> _Source material_:
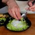 Grattugiate la carota alla julienne e disponetene un po' in ogni piatto. Fate lo stesso con il cetriolo, quindi unite qualche foglia di lattuga spezzettata con le mani, qualche filetto di erba cipollina e i nems tagliati a pezzetti.
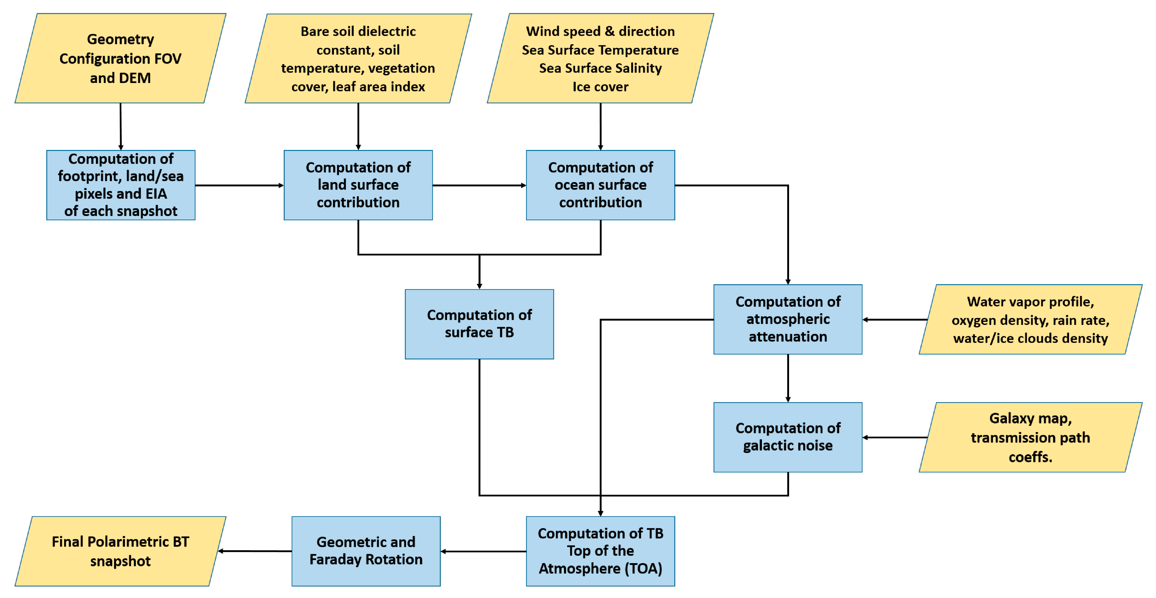 - Land surface contribution computation, including bare soil emission, vegetation-covered soils emission, ice and snow, and other effects, such as rocky soil, urban areas, inland water bodies, and topography effects,
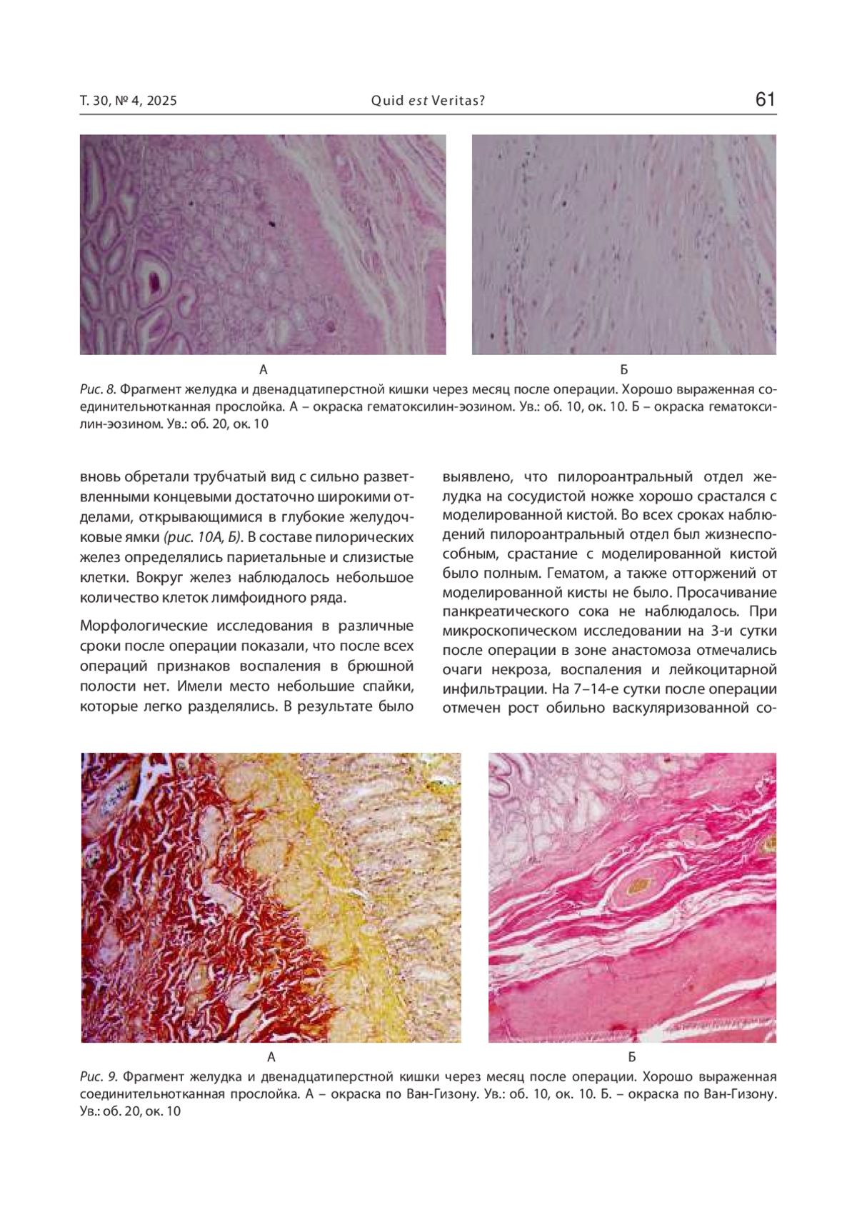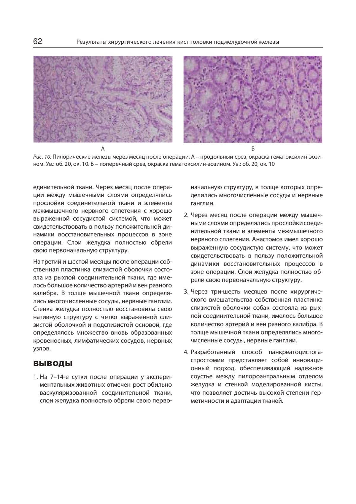 Результаты и обсуждение. Морфологические исследования показали, что процессы образования молодой васкуляризированной соединительной ткани приходились на 7–14-е сутки. К месяцу между мышечными слоями определялись прослойки соединительной ткани и элементы межмышечного нервного сплетения и выраженной сосудистой системы, что свидетельствовало о положительной динамике восстановительных процессов в зоне операции. Слои желудка полностью приобретали свою первоначальную структуру. На третий и шестой месяцы собственная пластинка слизистой оболочки состояла из рыхлой соединительной ткани, где имелось большое количество артерий и вен разного калибра. В толще мышечной ткани определялись многочисленные сосуды, нервные ганглии. Желудок полностью восстанавливал свою исходную структуру с четко выраженной слизистой оболочкой и подслизистой основой, где определялось множество вновь образованных кровеносных, лимфатических сосудов, нервных узлов.

> _Exercise details_:
Every line of the material is to be quoted exactly, with no pictures carried over.

> _Final answer_:
 Grattugiate la carota alla julienne e disponetene un po' in ogni piatto. Fate lo stesso con il cetriolo, quindi unite qualche foglia di lattuga spezzettata con le mani, qualche filetto di erba cipollina e i nems tagliati a pezzetti.
 - Land surface contribution computation, including bare soil emission, vegetation-covered soils emission, ice and snow, and other effects, such as rocky soil, urban areas, inland water bodies, and topography effects,
 Результаты и обсуждение. Морфологические исследования показали, что процессы образования молодой васкуляризированной соединительной ткани приходились на 7–14-е сутки. К месяцу между мышечными слоями определялись прослойки соединительной ткани и элементы межмышечного нервного сплетения и выраженной сосудистой системы, что свидетельствовало о положительной динамике восстановительных процессов в зоне операции. Слои желудка полностью приобретали свою первоначальную структуру. На третий и шестой месяцы собственная пластинка слизистой оболочки состояла из рыхлой соединительной ткани, где имелось большое количество артерий и вен разного калибра. В толще мышечной ткани определялись многочисленные сосуды, нервные ганглии. Желудок полностью восстанавливал свою исходную структуру с четко выраженной слизистой оболочкой и подслизистой основой, где определялось множество вновь образованных кровеносных, лимфатических сосудов, нервных узлов.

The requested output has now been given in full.